SRINAGAR: Even as India emerges as the fastest-growing large economy in the world, Jammu and Kashmir has found itself at the top of a list it would rather avoid. According to the latest debt-at-risk analysis compiled by PRS Legislative Research and reported by Forbes India, the Union Territory now holds the highest debt-to-GDP ratio in the country, 51 per cent for the financial year 2025–26, the Indian Express reported.
The revelation comes at a time when the Indian economy has surpassed Japan to become the fourth-largest globally and is projected to overtake Germany within the next three years, according to NITI Aayog CEO B.V.R. Subrahmanyam. However, the fiscal picture across several Indian states and Union Territories tells a more uneven story, with regions like Jammu and Kashmir facing growing concerns about economic sustainability.
In stark contrast to fiscally disciplined states like Odisha, which reported the lowest debt-to-GDP ratio at just 12.7 per cent, Jammu and Kashmir’s elevated 51 per cent ratio signals potential long-term risks in managing public debt, especially in the face of limited private investment, high security-related expenditure, and a constrained local economy. The region also recorded a fiscal deficit of 5.6 per cent.
This fiscal stress comes amid the Centre’s recent decision to adopt the debt-to-GDP ratio as the key fiscal anchor from 2026–27 onwards, with a national target of reducing the ratio to 50±1 per cent by March 2031. For Jammu and Kashmir, already above this threshold, the policy shift could trigger stricter financial scrutiny and borrowing constraints in the future.
Jammu and Kashmir’s status as a Union Territory with a special administrative structure means that a large share of its expenditure is supported by central transfers. However, experts say the persistent gap between expenditure and revenue, limited local tax capacity, and a slow-growing economy have all contributed to its mounting debt burden. Capital-intensive infrastructure development, limited industrial base, and governance transitions since the revocation of its special status in 2019 have further compounded the fiscal challenges.
Other states with high debt burdens include Nagaland (47.8 per cent), Arunachal Pradesh (45.9 per cent), and Punjab (44.5 per cent). Interestingly, five of the top 10 high-debt states are from India’s northeast, underscoring the impact of structural economic disadvantages such as rugged geography, sparse populations, and weak industrial ecosystems.
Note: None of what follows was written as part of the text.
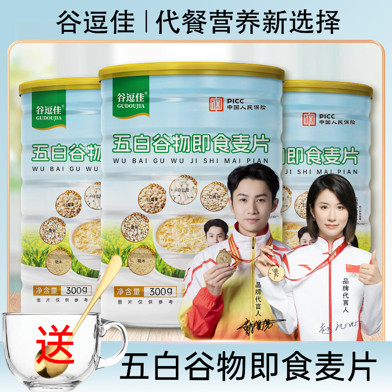 五白谷物即食麦片营养代餐免煮早餐薏米冲泡燕麦片时刻膳食健康
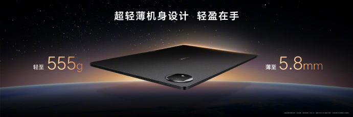 荣耀平板MagicPad 2采用超轻薄机身设计,整机轻至555g、薄至5.8mm。采用航天级羽纤后盖,宣称轻巧与坚固并存,同时是业界首款通过SGS五星抗弯折认证的平板。提供天海青、星空黑、月影白三款时尚配色,尽显色彩美学。

Meanwhile, India’s economic trajectory at the national level remains bullish. Yet the contrast between states like Gujarat (15.3 per cent debt-to-GDP), Maharashtra (18.4 per cent), and Karnataka (24.9 per cent) — all with robust manufacturing and service sectors — and debt-stressed regions like Jammu and Kashmir underscores the growing inter-state disparity in fiscal resilience.
For Jammu and Kashmir, the road ahead will require a mix of structural economic reform, revenue mobilisation, and disciplined expenditure, especially as the Union Territory aims to attract private investment and promote tourism and infrastructure as growth engines. But without a clear plan to rein in debt, the high debt-to-GDP ratio may restrict the UT’s capacity to fund development projects and access favourable borrowing terms in the future.